Singapore experienced a quarterly growth rate of -0.7% from April to June 2012. However during the same period, inflation rate remained high at about 5%.
Explain why inflation can remain high despite a slowdown in economic growth in Singapore. 
Inflation is a sustained, inordinate and general increase in prices. When this occurs, it implies that the price level has increased over the previous year and this is measured by the consumer price index. Economic growth refers to the growth of the production in term of actual or potential production capacity. Slow economic growth may lead to a fall in real GDP which is the value of GDP in real terms after correcting for inflation.
1) Explain the meaning of slow economic growth and how it occurs
Slow economic growth may arise in the economy due to the following reasons. Firstly, the economy may lack financing in terms of lower tax revenue and reserve built up from previous budget which implies less funds for the government to use to finance their budget, which consequently result in limited government expenditure. Next, the economy may suffer from the loss of export competitiveness due to changing terms of trade or loss of comparative advantage which limits the net export growth of the country. Furthermore, lower business sentiments and consumer confidence may also impact the influence of investment and consumption expenditure on the economy and hence facing slower growth.
2) Explain why slow economic growth will contribute to inflation
With a slow increase in aggregate demand when the economy is at the rising cost condition, demand-pull inflation will ensue. Demand-pull inflation occurs as a result of the rise in aggregate demand, leading to an excess demand condition and a rise in price level, only when the economy is experiencing rising cost condition or full employment condition. As such, even when the economy experiences slow economic growth with moderate increase in aggregate demand, inflationary pressures will arise.
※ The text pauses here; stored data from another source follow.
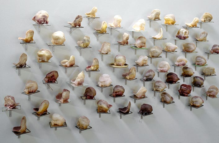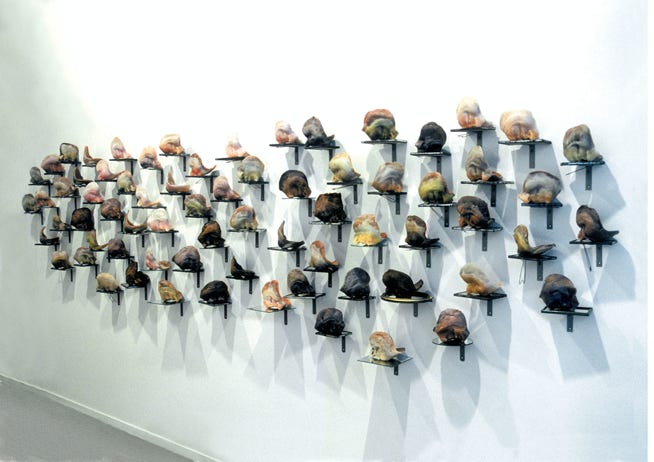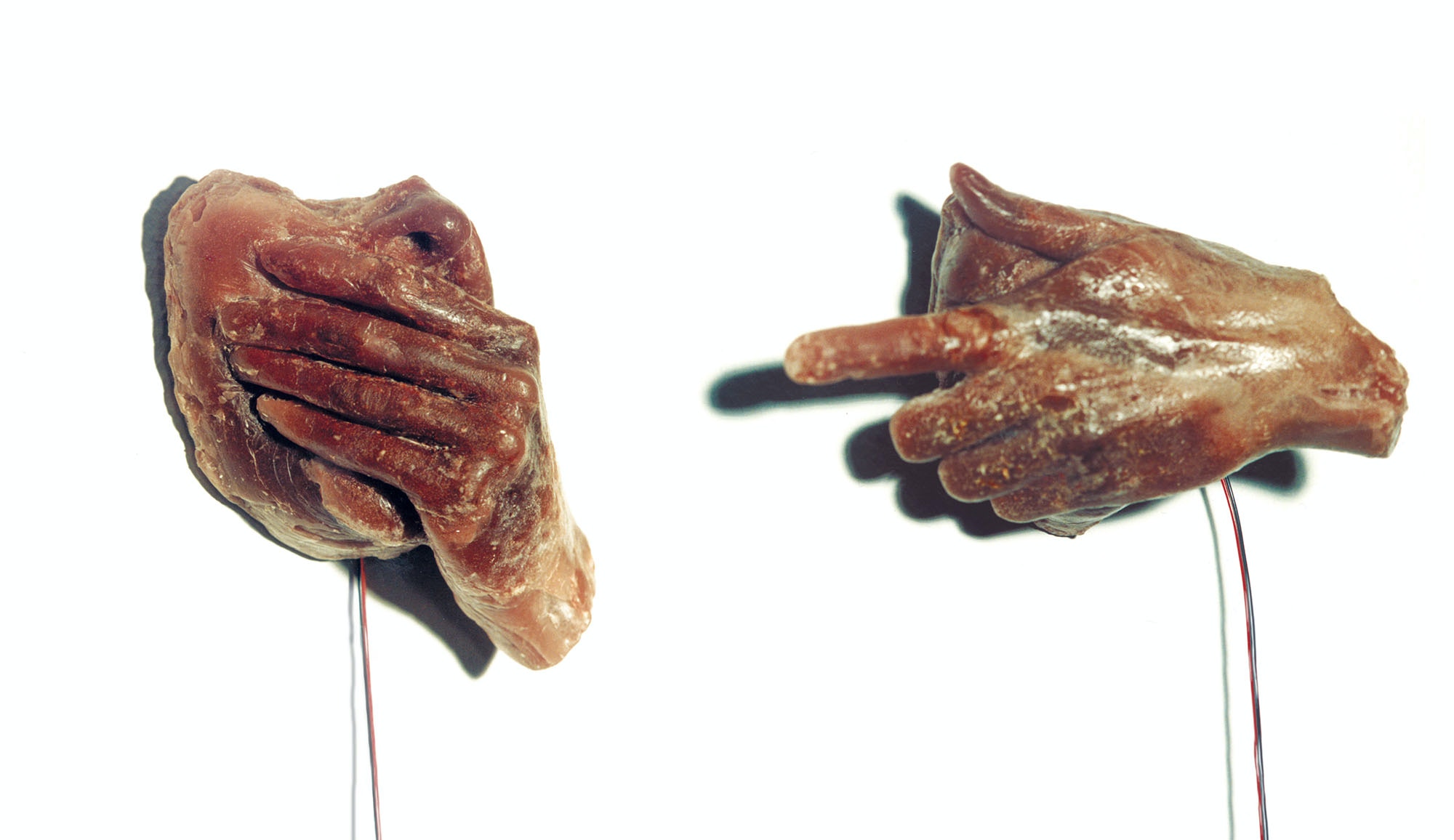 wax, sound: 2 speakers, walkman, 13 x 20 x 7 (x 2) cm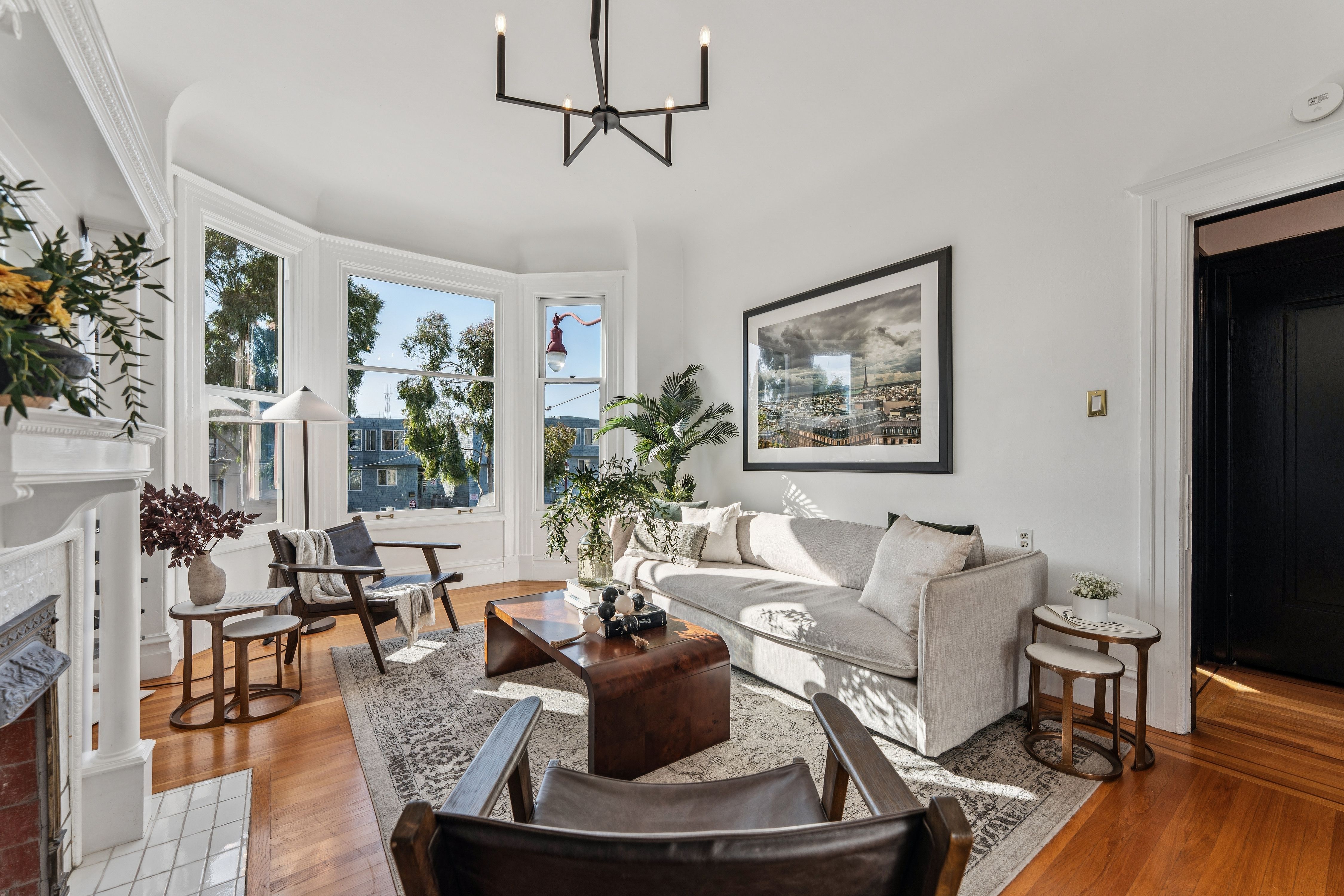 A sophisticated top-floor Edwardian residence where timeless architecture meets refined modern living. Soaring ceilings, rich hardwood floors, and beautifully preserved period moldings and wainscotting create an atmosphere of classic San Francisco elegance, while curated updates bring comfort and ease to daily life.The gracious living room, anchored by a decorative fireplace, offers an inviting setting for intimate gatherings, while the spacious dining room, with original built-in cabinetry, allows for well-attended dinner parties. A generously sized office provides exceptional flexibility for working or relaxing at home. The thoughtfully updated eat-in kitchen is flooded in natural light by an expansive skylight. An extraordinary sun-filled garden stretches across the full width of the extra-wide property, offering a rare and peaceful outdoor sanctuary in the heart of the city.Additional features include in-unit laundry, garage parking, and a voluminous deeded storage room, ideal for a studio, workshop, or additional workspace.Ideally positioned in the highly desirable Mission–Potrero corridor, this distinctive home captures the very best of San Francisco living: architectural character, modern functionality, and an exceptional urban garden retreat. This is city living at its very best!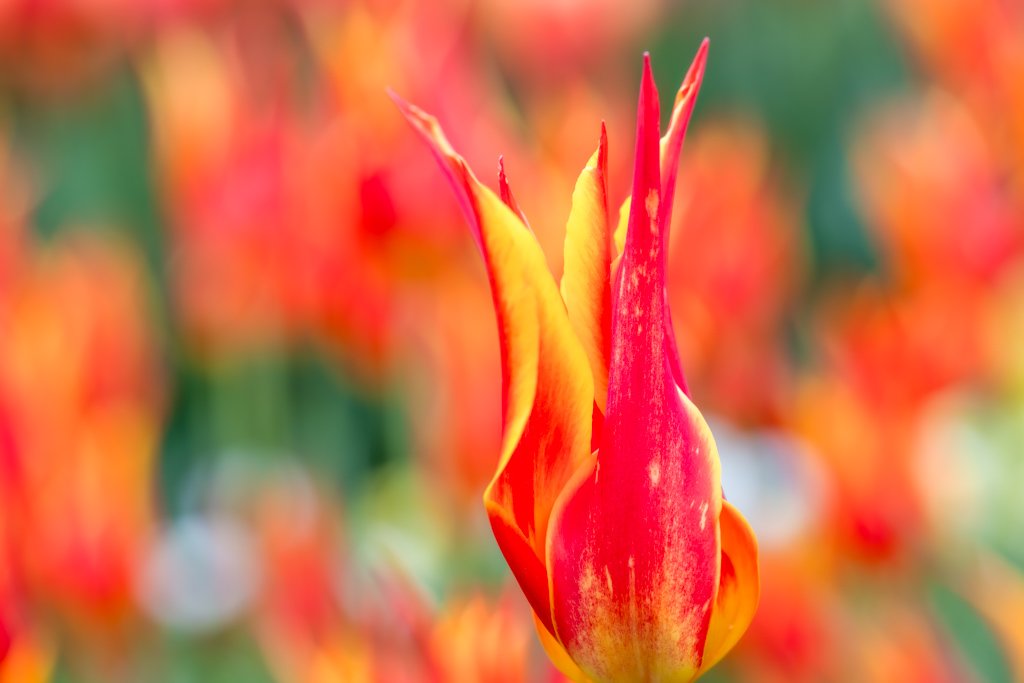 Motiv: Rot-gelbe Tulpe in dynamischer Makroaufnahme.
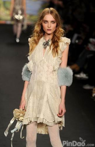觀看Anna Sui作品秀的一大樂趣就是它的開場總能將你聞所未聞的一個新領(lǐng)域展現(xiàn)出來。2010秋冬季Anna Sui的作品秀就是一張通往十九世紀后期美國工藝美術(shù)運動的護照。它正是Anna Sui多年來被歸置于新藝術(shù)派的風格的最佳呈現(xiàn)。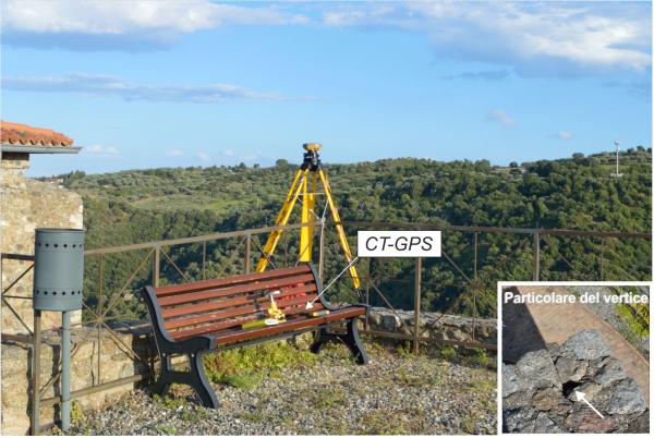 | materializzazione | Centrino di tipo "GPS C" fissato sul cordolo sopra al serbatoio dell'acquedotto comunale, situato dentro all'antico castello normanno, sovrastante l'abitato di Squillace. |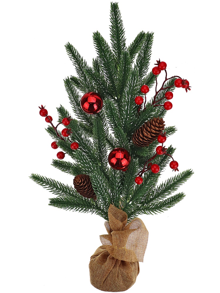 Декоративная елочка поможет создать новогодний уют, не занимая много места. Она украсит рабочее место в офисе или послужит великолепным декором домашнего интерьера. Елка выполнена из ПВХ и красиво декорирована, что создает по-настоящему праздничный вид. Размер: 50 см.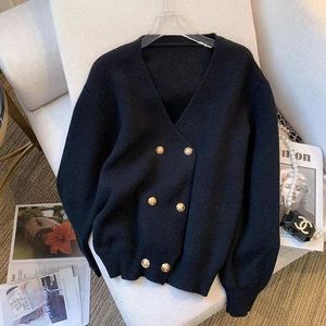 春秋季新款针织开衫女法式小香风V领双排扣别致毛衣外套上衣2025

As seen from the diagram, the slow rise in AD from AD₀ to AD1 will lead to an increase in real GDP from Y1 to Y2. However, at the same time, prices will increase from P1 to P2 given the economy is experiencing rising cost condition.
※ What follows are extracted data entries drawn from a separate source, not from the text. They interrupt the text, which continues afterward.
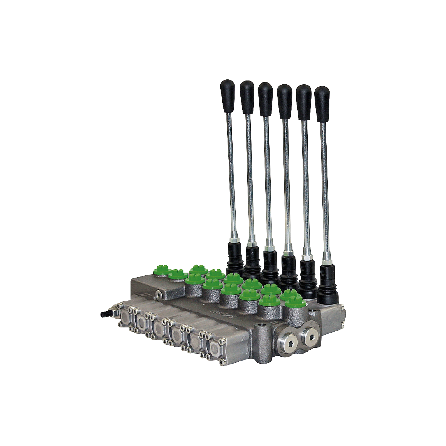 En grande partie, la commande se fait manuellement à l'aide des leviers à main. Les voies de commutation existent en version centrée sur le ressort ou à crans. Le choix de la version dépend en premier lieu de la fonction commandée. Par exemple, si un clapet de dosage est actionné à l'aide d'un cylindre de travail, les courses de commutation doivent être centrées sur le ressort. L'utilisateur peut ainsi contrôler avec précision l'angle d'ouverture de la trappe de dosage, qui s'arrête dès que le levier manuel est relâché. Si une bande transporteuse ou une brosse de balayage est commandée par la fonction, il est recommandé d'enclencher la position de commutation. Dès que l'utilisateur place le levier manuel en position de commutation, la bande transporteuse ou la brosse de balayage fonctionne en continu. Ce n'est que lorsque le levier est ramené en position zéro que la fonction s'arrête.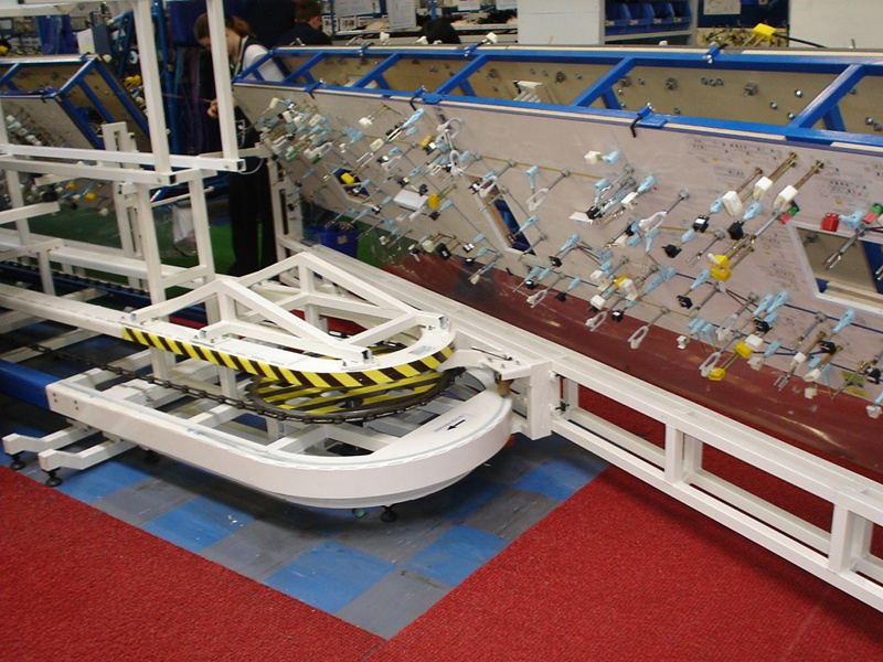Two parallel Roller Chains carry Pallets, Jigs, or Skids. Ideal for Assembly cells, Paint Lines, machine loading, and buffering. Offers precise stop locations and easy accumulation.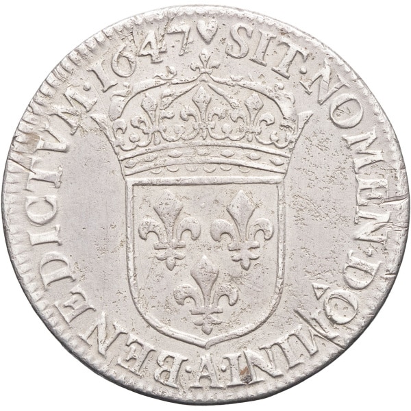 - FRANCE / ROYAL Louis XIV (1643-1715). Quart d’écu à la mèche longue 1647, A, Paris.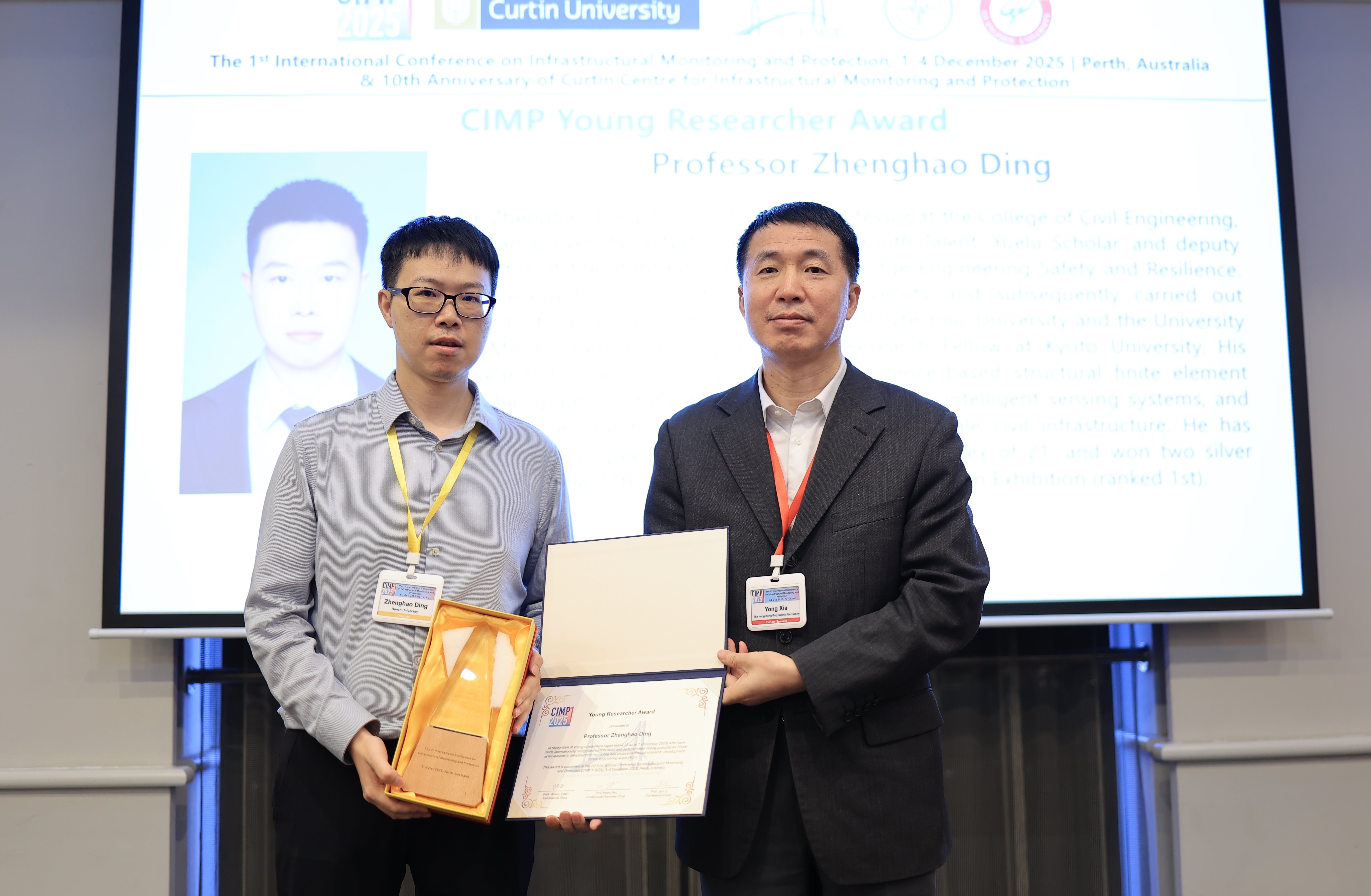 丁政豪教授荣获首届国际基础设施监测与防护会议青年研究者奖

In addition, when the economy is full employment at Y2, the economy will experience an increase in national income in terms of nominal GDP but increase in prices, with no increase in real GDP.
3) Evaluation of the depending factors in the occurrence of inflation when there is slow economic growth
Finally, such a condition of inflation occurring simultaneously with slow economic growth occurs only when there is full employment condition. Furthermore, it depends on prevailing cost condition as any corresponding cost-push inflation will lead to a fall in real GDP instead.
In conclusion, the government should be aware of the increase in prices possibly occurring when there is slow economic growth so as to alleviate both the inflationary impact while stimulating economic growth.